Exercise description
Among the entries below, one line contains "Габаритный вело фонарь" and another contains "除此之外,为了让村民们能更广". Transcribe those two lines and every line between them, exactly.

Task inputs
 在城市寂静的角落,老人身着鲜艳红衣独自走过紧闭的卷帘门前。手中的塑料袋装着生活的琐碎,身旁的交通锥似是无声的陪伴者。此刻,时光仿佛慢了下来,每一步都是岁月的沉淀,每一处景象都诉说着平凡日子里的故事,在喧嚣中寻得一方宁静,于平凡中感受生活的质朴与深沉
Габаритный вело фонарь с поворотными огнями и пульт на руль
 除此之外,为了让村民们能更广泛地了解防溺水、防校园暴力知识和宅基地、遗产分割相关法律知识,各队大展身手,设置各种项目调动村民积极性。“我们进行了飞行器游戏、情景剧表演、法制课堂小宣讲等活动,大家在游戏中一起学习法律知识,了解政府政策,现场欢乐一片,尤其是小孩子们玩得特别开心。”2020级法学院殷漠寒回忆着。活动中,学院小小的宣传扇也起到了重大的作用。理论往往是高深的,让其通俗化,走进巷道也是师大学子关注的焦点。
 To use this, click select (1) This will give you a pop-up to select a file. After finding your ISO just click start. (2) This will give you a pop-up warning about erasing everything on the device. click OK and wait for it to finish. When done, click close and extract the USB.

* * *

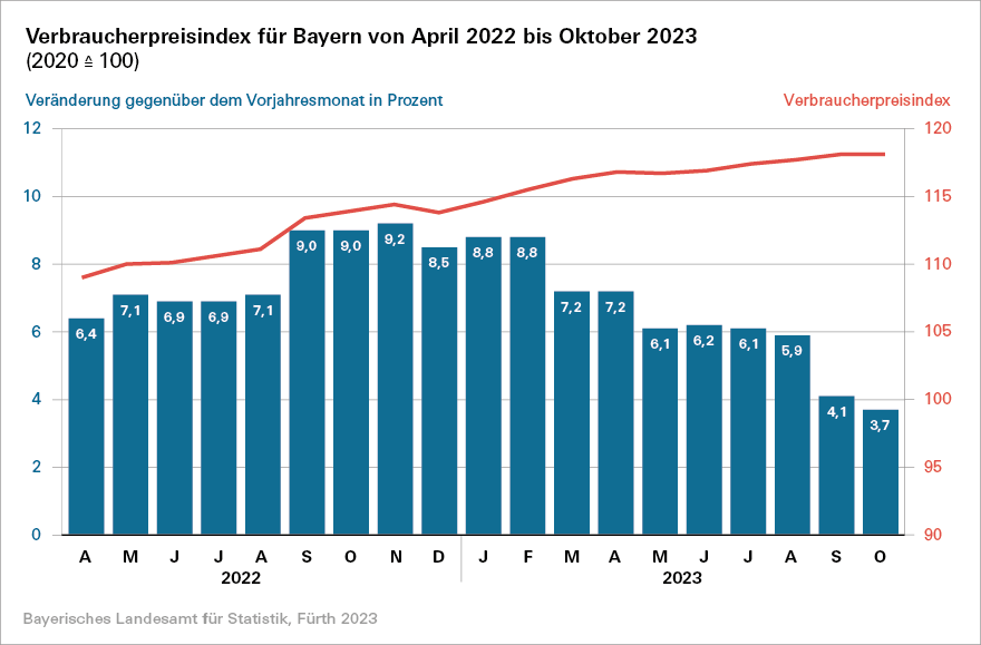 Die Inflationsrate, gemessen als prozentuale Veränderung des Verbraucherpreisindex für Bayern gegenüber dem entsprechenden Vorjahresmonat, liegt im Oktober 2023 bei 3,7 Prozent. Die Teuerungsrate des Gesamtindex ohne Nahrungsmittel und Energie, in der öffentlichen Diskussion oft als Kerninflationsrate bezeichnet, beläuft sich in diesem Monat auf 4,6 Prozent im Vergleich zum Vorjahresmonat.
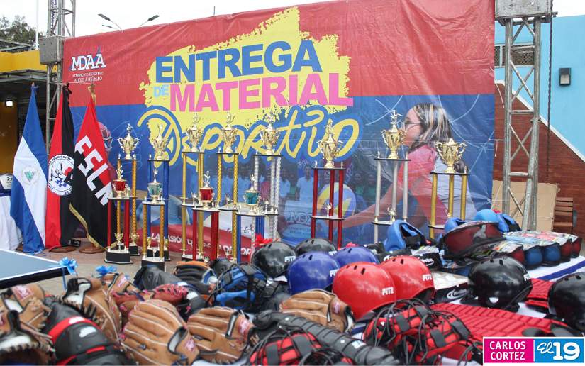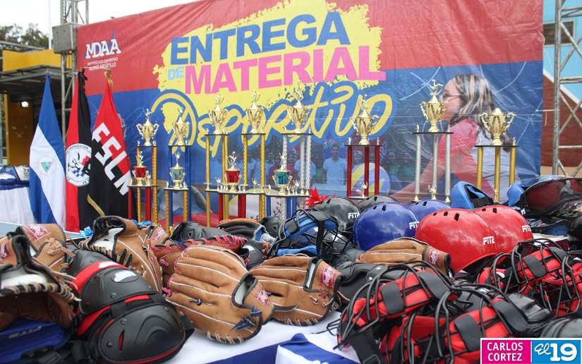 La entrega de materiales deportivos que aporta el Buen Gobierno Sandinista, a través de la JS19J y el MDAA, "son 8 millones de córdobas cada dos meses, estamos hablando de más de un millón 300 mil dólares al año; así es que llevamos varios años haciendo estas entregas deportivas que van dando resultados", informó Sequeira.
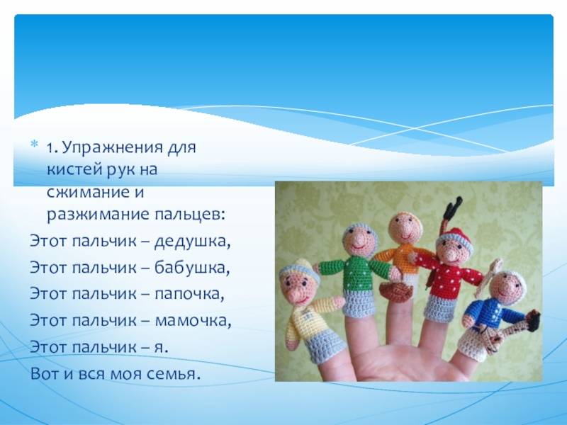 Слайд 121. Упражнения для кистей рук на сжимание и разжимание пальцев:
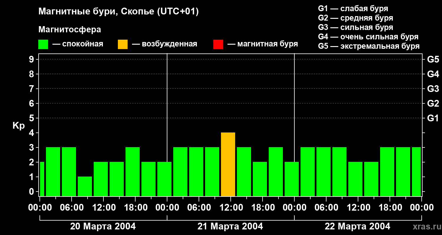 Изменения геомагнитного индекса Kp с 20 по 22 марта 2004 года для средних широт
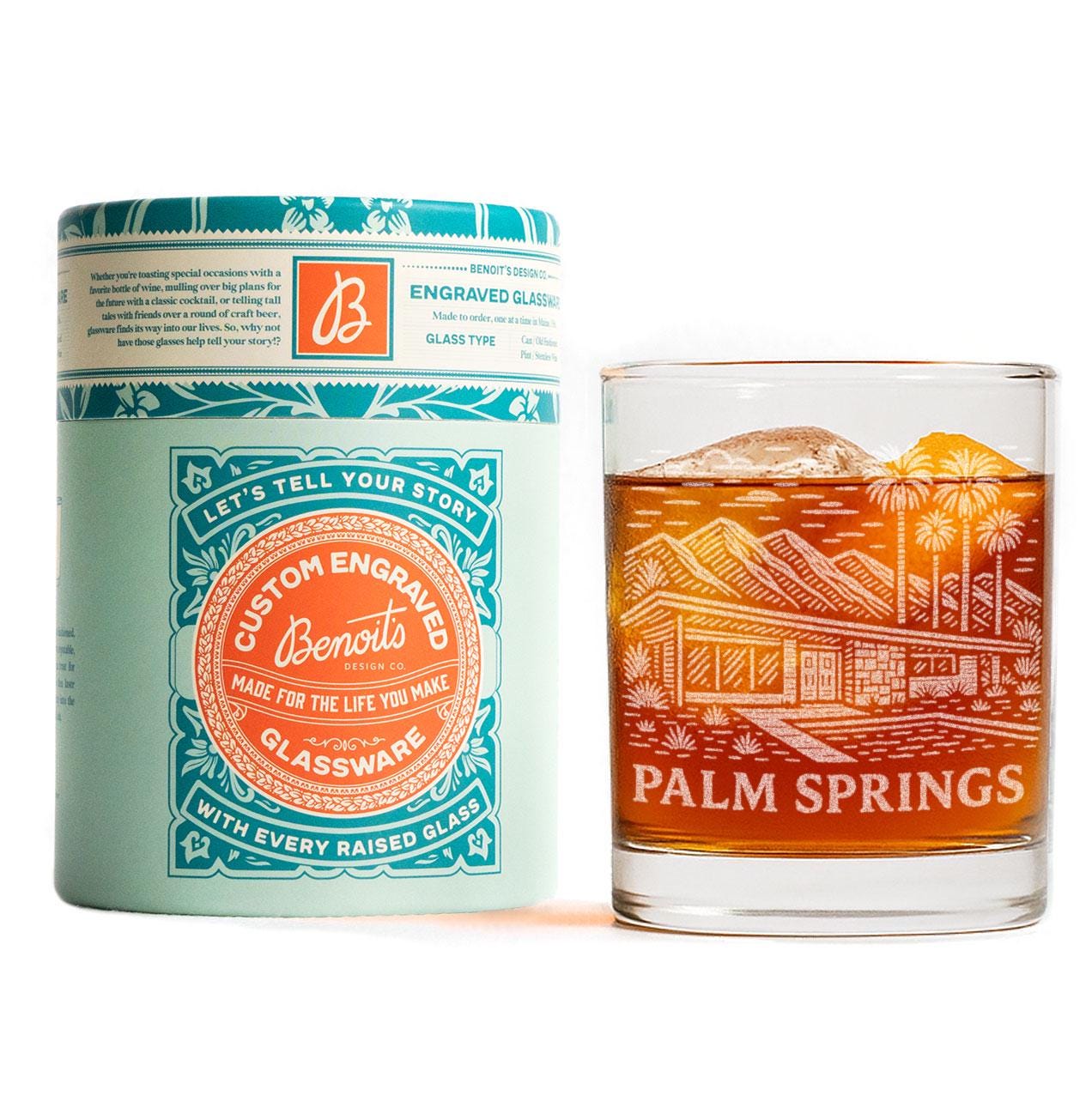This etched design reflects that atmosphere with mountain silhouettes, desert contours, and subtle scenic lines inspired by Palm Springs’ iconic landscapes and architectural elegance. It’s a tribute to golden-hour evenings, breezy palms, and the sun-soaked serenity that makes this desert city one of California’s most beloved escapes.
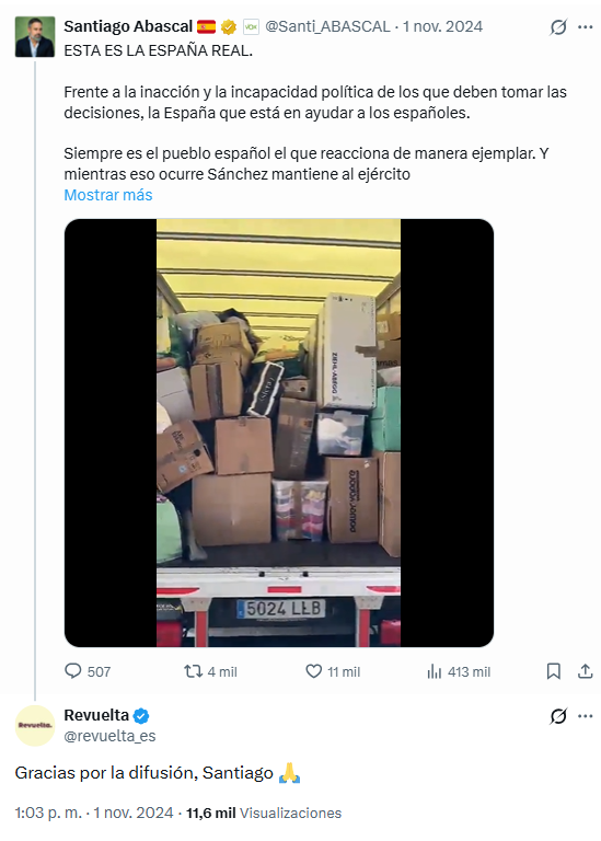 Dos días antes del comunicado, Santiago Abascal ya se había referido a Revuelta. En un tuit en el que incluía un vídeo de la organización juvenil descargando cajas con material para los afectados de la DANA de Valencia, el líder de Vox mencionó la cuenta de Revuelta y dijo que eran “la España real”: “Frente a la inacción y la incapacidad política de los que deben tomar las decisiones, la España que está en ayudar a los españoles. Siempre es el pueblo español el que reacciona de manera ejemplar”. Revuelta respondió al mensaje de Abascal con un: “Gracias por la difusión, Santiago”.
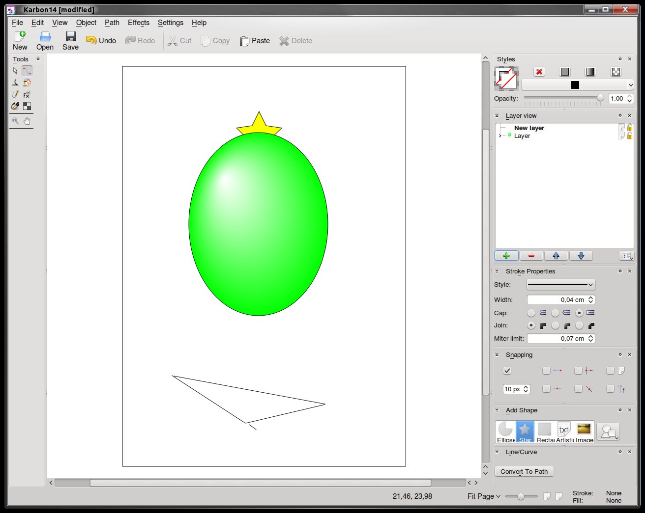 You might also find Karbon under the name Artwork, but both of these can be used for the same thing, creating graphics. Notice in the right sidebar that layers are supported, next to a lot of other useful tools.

Answer space
Габаритный вело фонарь с поворотными огнями и пульт на руль
 除此之外,为了让村民们能更广泛地了解防溺水、防校园暴力知识和宅基地、遗产分割相关法律知识,各队大展身手,设置各种项目调动村民积极性。“我们进行了飞行器游戏、情景剧表演、法制课堂小宣讲等活动,大家在游戏中一起学习法律知识,了解政府政策,现场欢乐一片,尤其是小孩子们玩得特别开心。”2020级法学院殷漠寒回忆着。活动中,学院小小的宣传扇也起到了重大的作用。理论往往是高深的,让其通俗化,走进巷道也是师大学子关注的焦点。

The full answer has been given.